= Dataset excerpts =
--

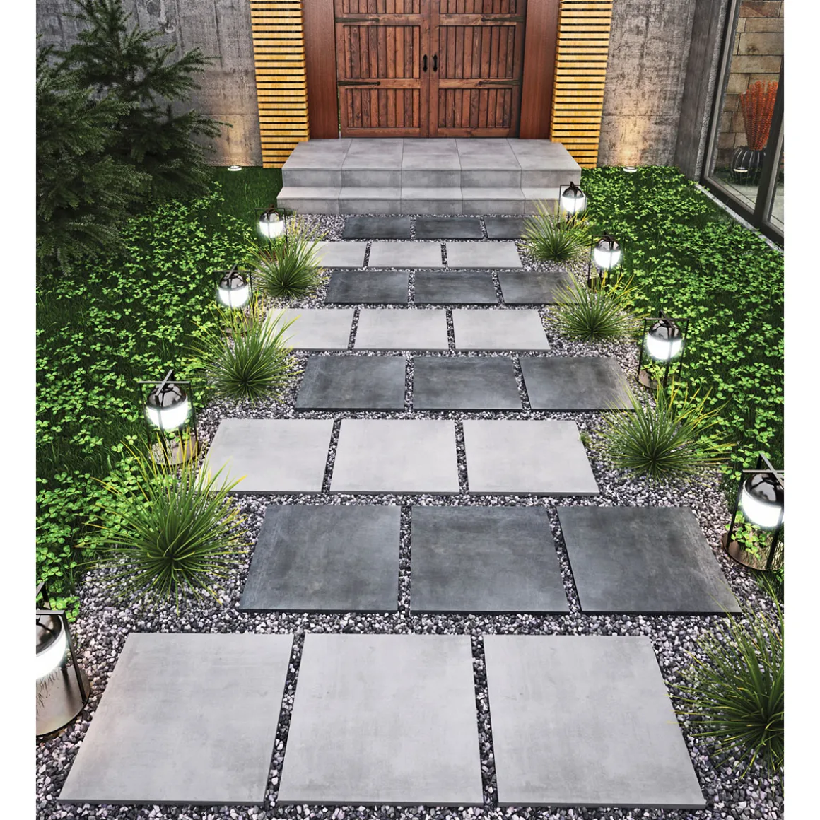 Terrassenfliese in grau, glasiert, rektifiziert, matte Oberfläche, Rutschsicherheitsgruppe 10, frostfest, Abriebgruppe 4, geringe Pflegeintensität, Steinoptik.
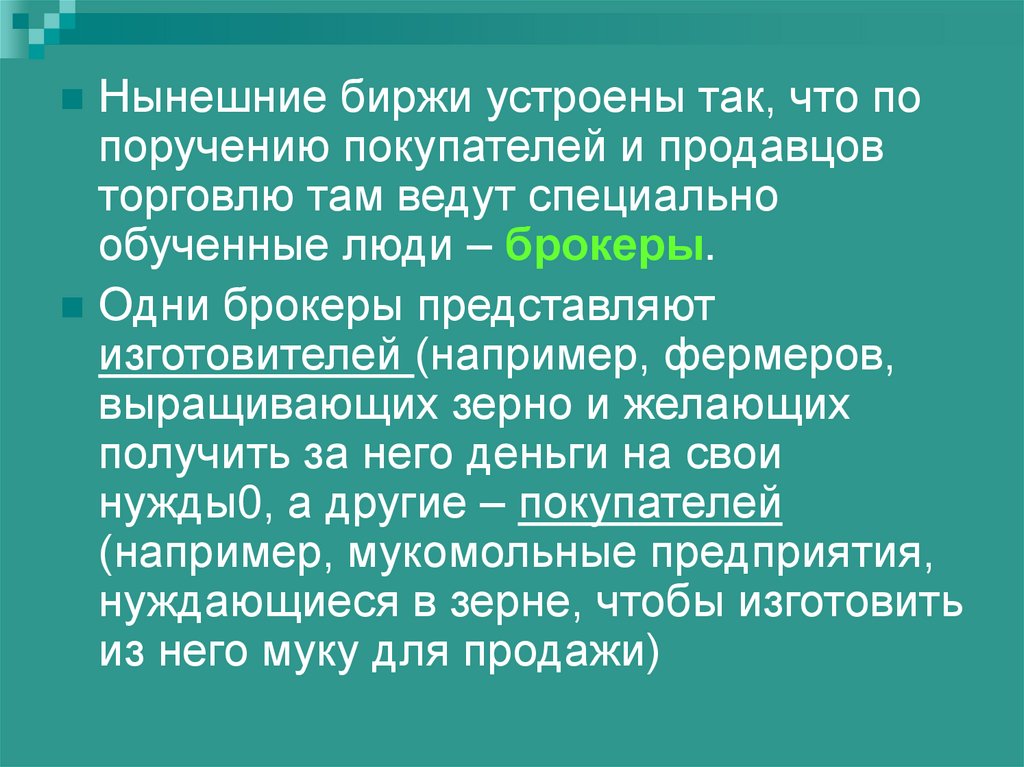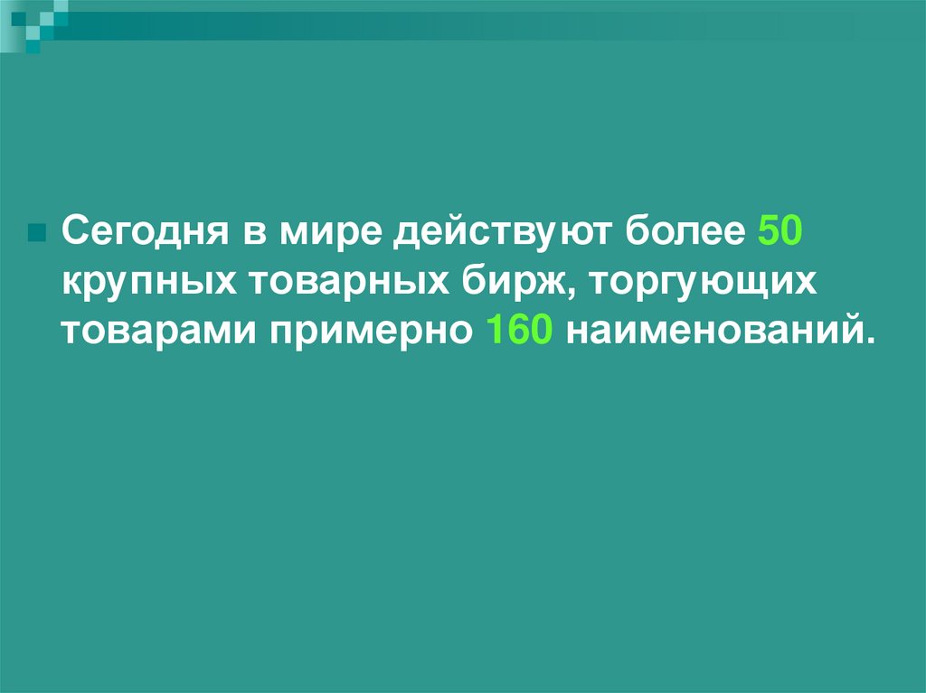 Сегодня в мире действуют более 50крупных товарных бирж, торгующих
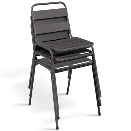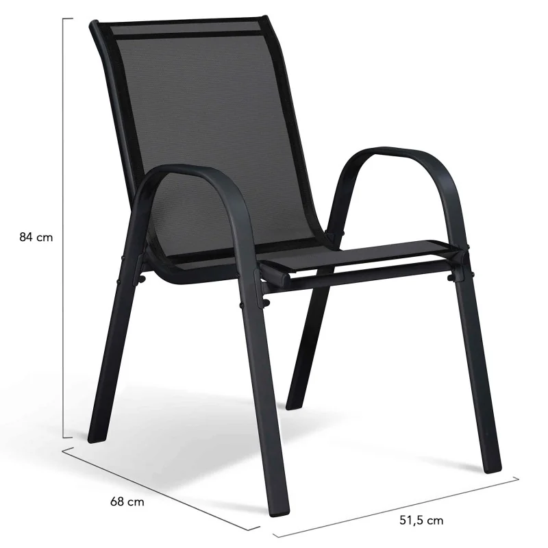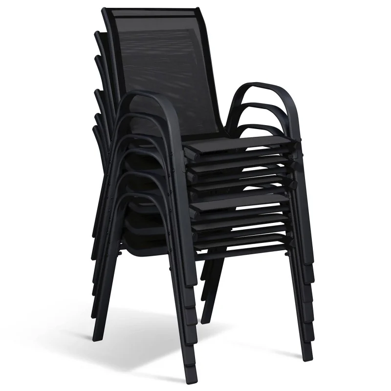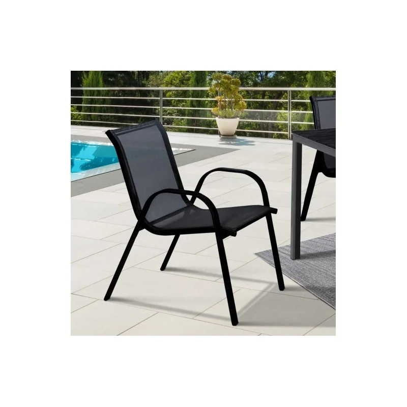 Peu d'entretien. Structure métal et toile textilène. Empilables
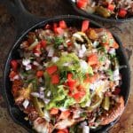- Now it’s time to assemble your nachos! You can use whatever vessel you like for your nachos. I used mini skillets because they’re cute and everyone loves a perfectly portioned meal, but you can use a large skillet or a large baking dish. Start by arranging the sweet potatoes in your vessel of choice. Next, add the beer-braised short ribs and jalapeños, and top everything with the shredded cheese. Place your nachos under the broiler for 1-2 minutes until the cheese is melted and bubbling.
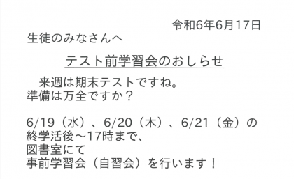 *日時:6/19(水)、6/20(木)、6/21(金) 終学活後〜17時まで
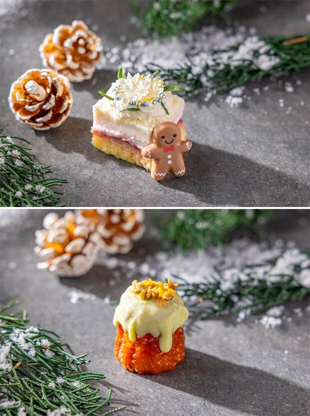 クリスマスリースのようなケーキに、雪山のような見た目のカヌレも
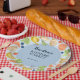 Serve up some farm fresh fun with this blue plate rimmed in cute, hand drawn fruits, veggies, and bakery treats. Swap in any name or party details, then set the table for a sweet “Farmer’s Market” celebration—perfect for birthdays, baby showers, picnics, or brunch with garden-loving friends.
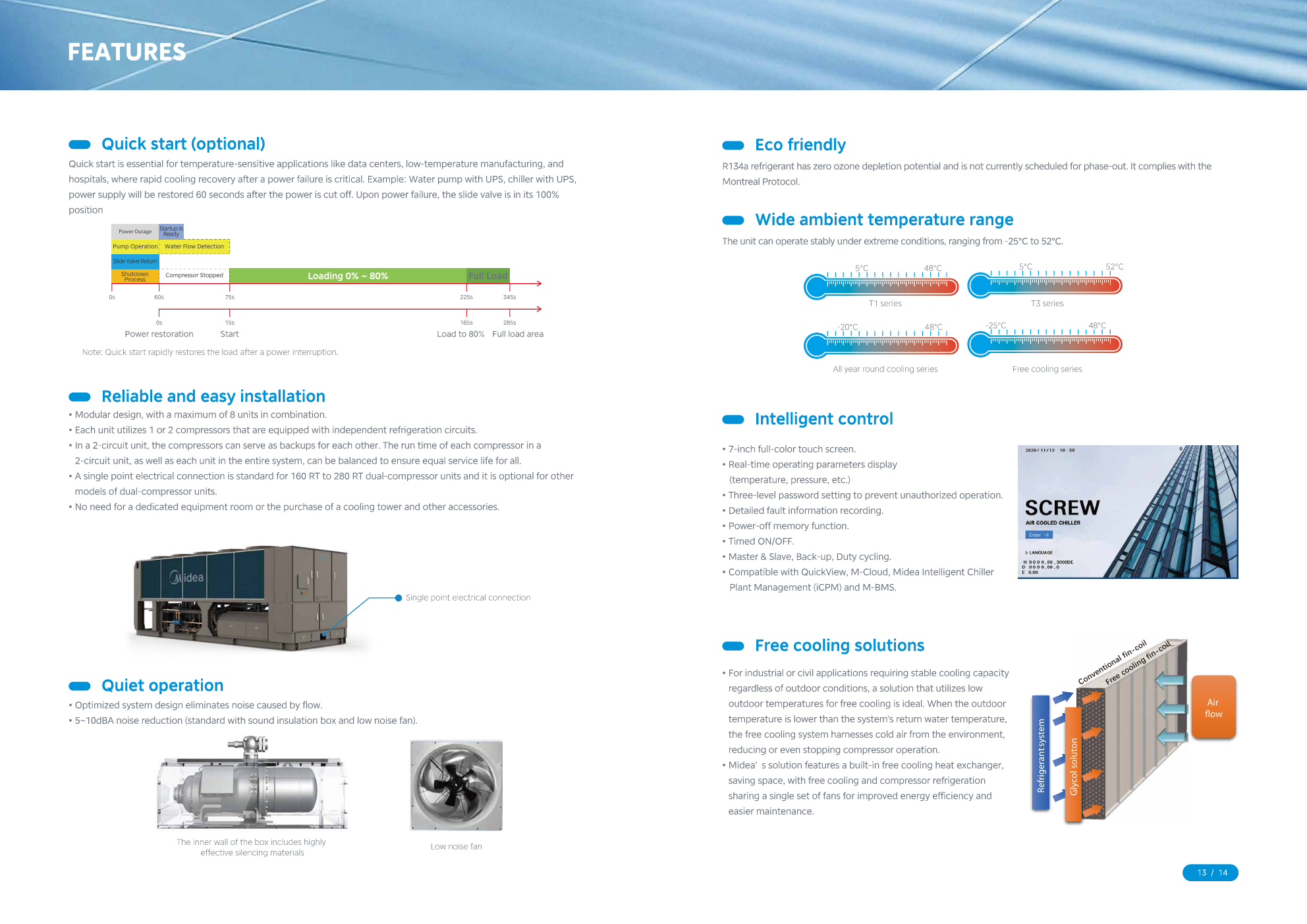 AirBoost air cooled screw chillers are engineered for peak efficiency across all operating conditions. With quick-start and low noise levels, it’s an ideal solution for large and medium-sized commercial, civil, or industrial buildings, as well as data centers and temperature-sensitive environments like pharmaceutical labs, hospitals, and manufacturing facilities with constant cooling needs. The low noise operation ensures minimal disturbance to occupants in guest rooms or meeting rooms.
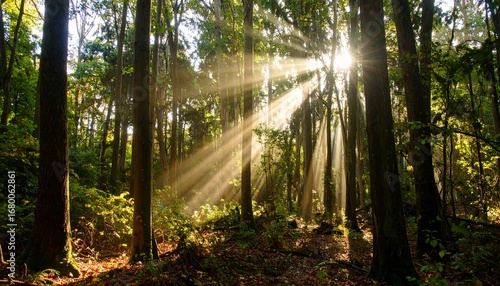 Fototapeta premium Sunlight streams through a dense forest
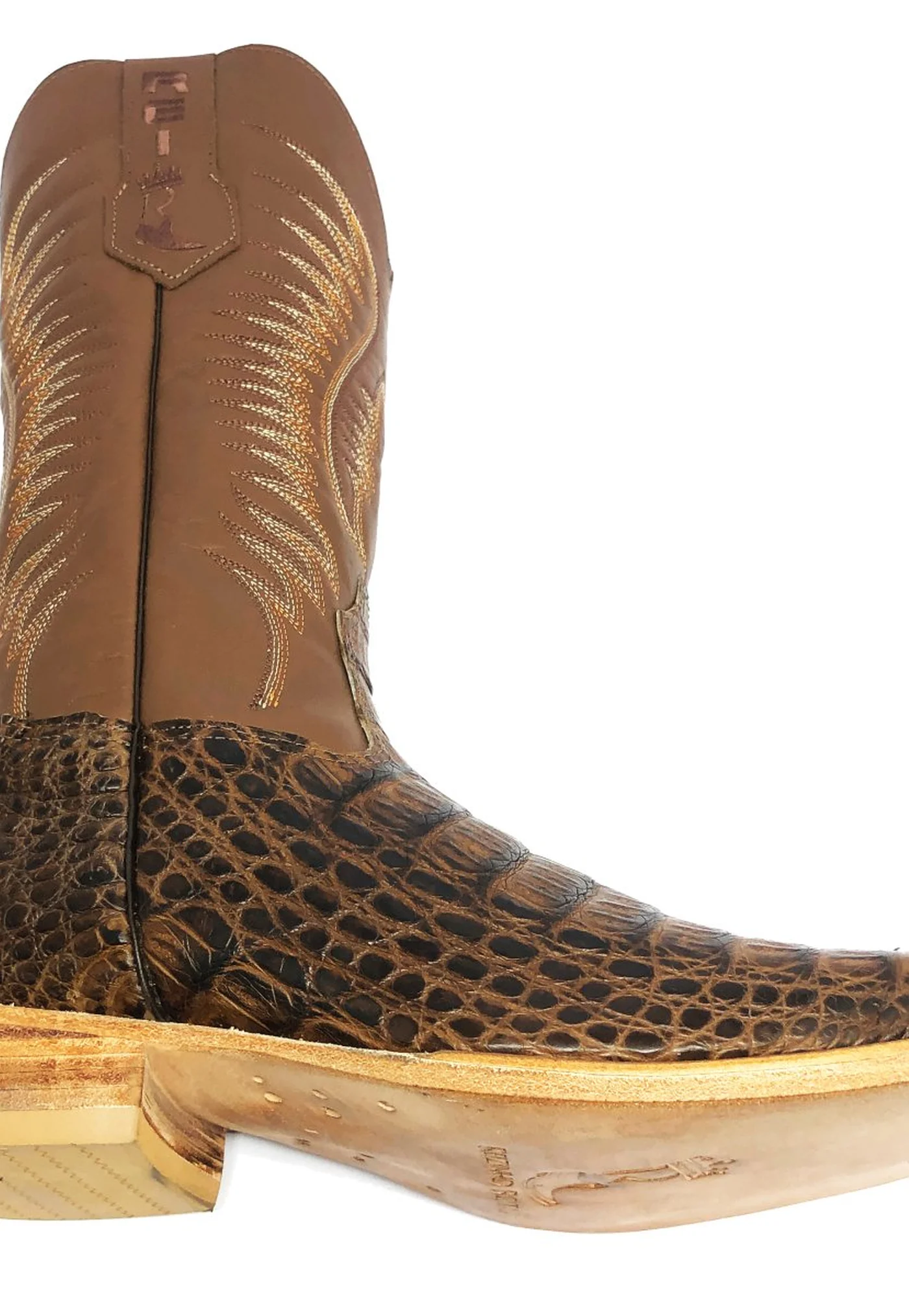 O cano da bota, com altura de 27 cm, é elaborado em couro bovino na mesma tonalidade tabaco do jacaré, criando uma harmonia cromática impecável. O clássico bordado "padrão" adorna o cano, mesclando cores tradicionais como bege, caramelo e marrom. Este detalhamento artesanal não apenas enriquece a estética da bota, mas também reforça a identidade da marca Reizinho, reconhecida por sua excelência e tradição no mercado de calçados de luxo.

--

= AIM OF THE EXERCISE =
Retype only the lines above from the one with "AirBoost air cooled" through the last, both ends included, keeping every picture out of the copy.

= SOLUTION FOR THIS PROBLEM =
 AirBoost air cooled screw chillers are engineered for peak efficiency across all operating conditions. With quick-start and low noise levels, it’s an ideal solution for large and medium-sized commercial, civil, or industrial buildings, as well as data centers and temperature-sensitive environments like pharmaceutical labs, hospitals, and manufacturing facilities with constant cooling needs. The low noise operation ensures minimal disturbance to occupants in guest rooms or meeting rooms.
 Fototapeta premium Sunlight streams through a dense forest
 O cano da bota, com altura de 27 cm, é elaborado em couro bovino na mesma tonalidade tabaco do jacaré, criando uma harmonia cromática impecável. O clássico bordado "padrão" adorna o cano, mesclando cores tradicionais como bege, caramelo e marrom. Este detalhamento artesanal não apenas enriquece a estética da bota, mas também reforça a identidade da marca Reizinho, reconhecida por sua excelência e tradição no mercado de calçados de luxo.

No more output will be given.